Farklılıktan stratejik işbirliğine Azerbaycan-İsrail ilişkileri
Abstract
Son yıllarda Azerbaycan ile İsrail gibi etnik, dini, sosyal, kültürel ve ekonomik anlamda birbirinden oldukça farklı iki ülke arasında gözlemlenen yakınlaşma, Kafkasların ve Ortadoğu’nun geleceği kadar küresel siyaset hakkında düşünen uzmanların ilgisini çekmiştir. Aralarında başarılı uluslararası entegrasyon örneklerini yakından takip edenlerin de bulunduğu bu uzmanlar için ortaya çıkan gelişme, Azerbaycan ile İran gibi aralarında pek çok ortak yönü bulunan iki devletin giderek birbirinden uzaklaştığı bir süreçte oldukça şaşırtıcı gelmiştir. Dolayısıyla, biri Yahudi, diğeri Müslüman nüfus ağırlıklı iki ülke arasındaki yakınlaşmanın, İsrail’in Azerbaycan topraklarını olası bir İran saldırısı için kullanmak istemesi gibi bir temel gerekçeye dayandırılıp dayandırılamayacağı esaslı bir merak konusu olmuştur. Ancak bu çalışmada, Azerbaycan-İsrail ilişkilerinin tarihsel seyri ile bu ilişkilerin temel niteliğini belirleyen strateji-güvenlik, diplomasi ve ekonomi gibi konulara odaklanılarak, iki ülke arasındaki yakınlaşmanın daha rasyonel gerekçelerinin aranması gerektiğine işaret edilmektedir.
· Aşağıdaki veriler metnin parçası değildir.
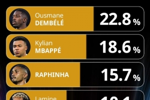 環(huán)足獎最佳球員投票:姆巴佩29.9%領(lǐng)跑,拉菲尼亞、登貝萊前三
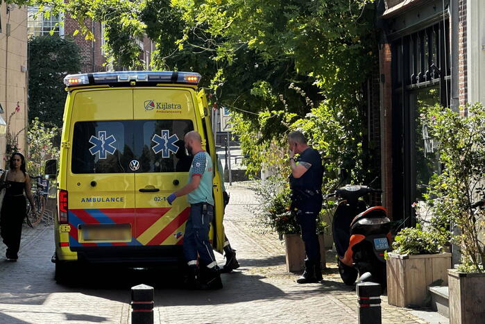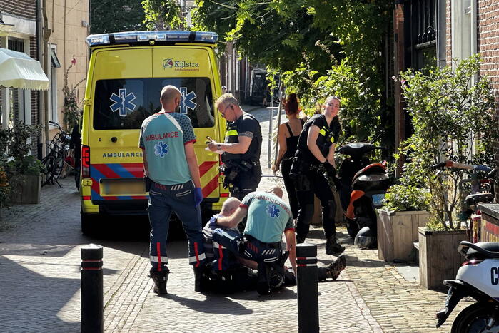 Een oudere man was hard ten val gekomen met een scooter. Het slachtoffer is behandeld in een ambulance maar vervoer bleek niet nodig. De scooter raakt beschadigd bij de val.
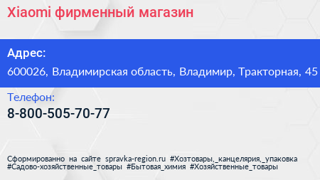Xiaomi, фирменный магазин по адресу 600026, Владимирская область, Владимир, Тракторная, 45 в дальнейшем Организация, размещена в следующих категориях:
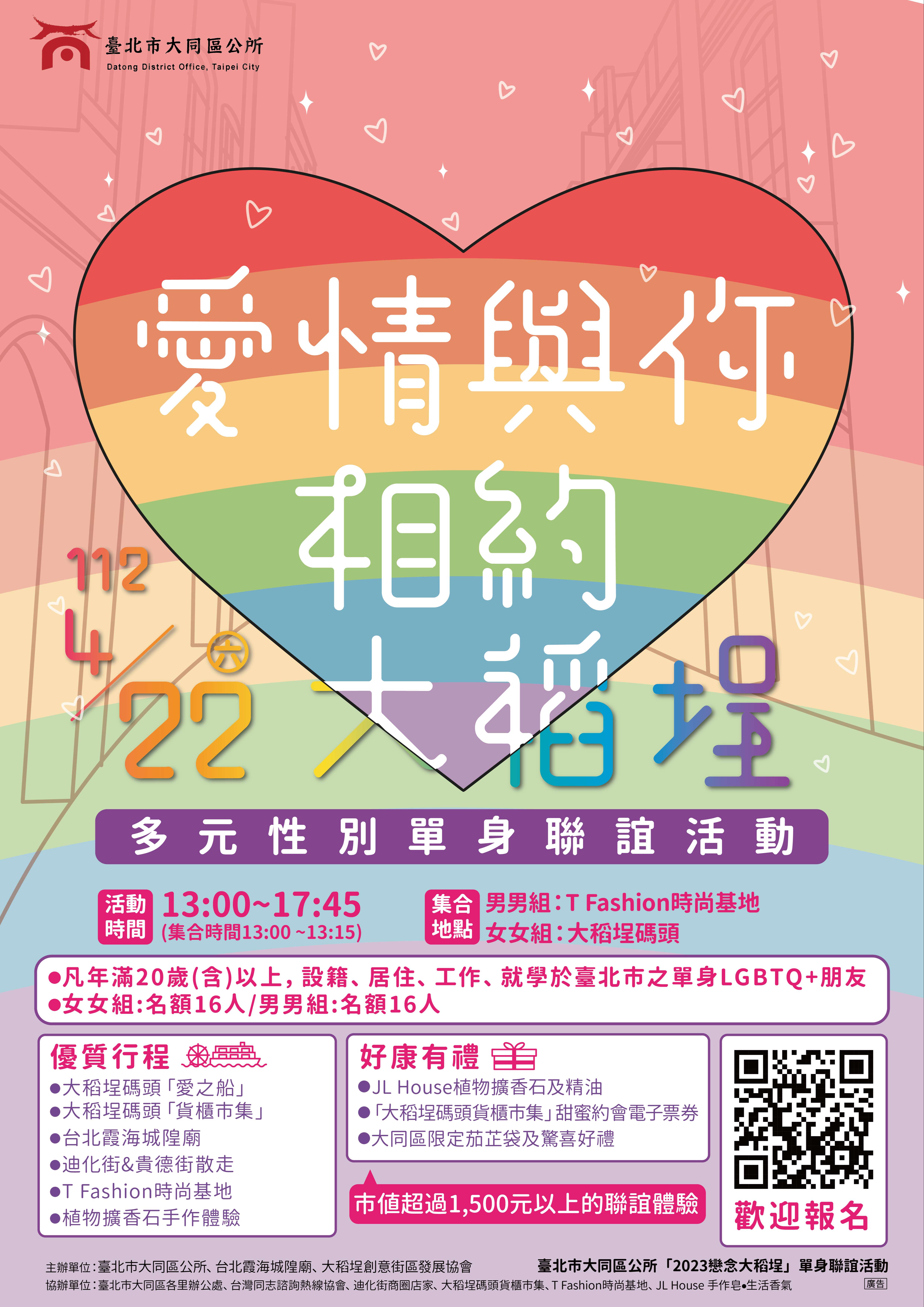 為臺北市大同區公所辦理「2023 戀念大稻埕」多元性別單身聯誼活動,請惠予協助宣傳,請查照。

The ever increasing rapprochement between two countries as diverse as Azerbaijan and Israel in terms of ethnicity, religion, culture and economy has attracted the attention of many specialists who ponder over the future of Caucasia, the Middle East and global politics. The same development added to the existing confusion when it appeared to occur at a time when Iran and Azerbaijan, both of which share several similarities, have slowly begun to drift away from each other. With that a critical question as to whether this aforementioned rapprochement between a Muslim and Jewish dominated country could be attributed to mainly Israel’s attempt to win over Azerbaijan’s approval for letting her to use the latter’s territory for a potential attack towards Iran. Yet, a study over the historical settings of the Azerbaijani-Israeli relations as well as on the subject of strategy-security, diplomacy and economy, all of which appear to have determined the primary attributes of those relations, reveal that the more rational causes of the said rapprochement should be looked in these areas.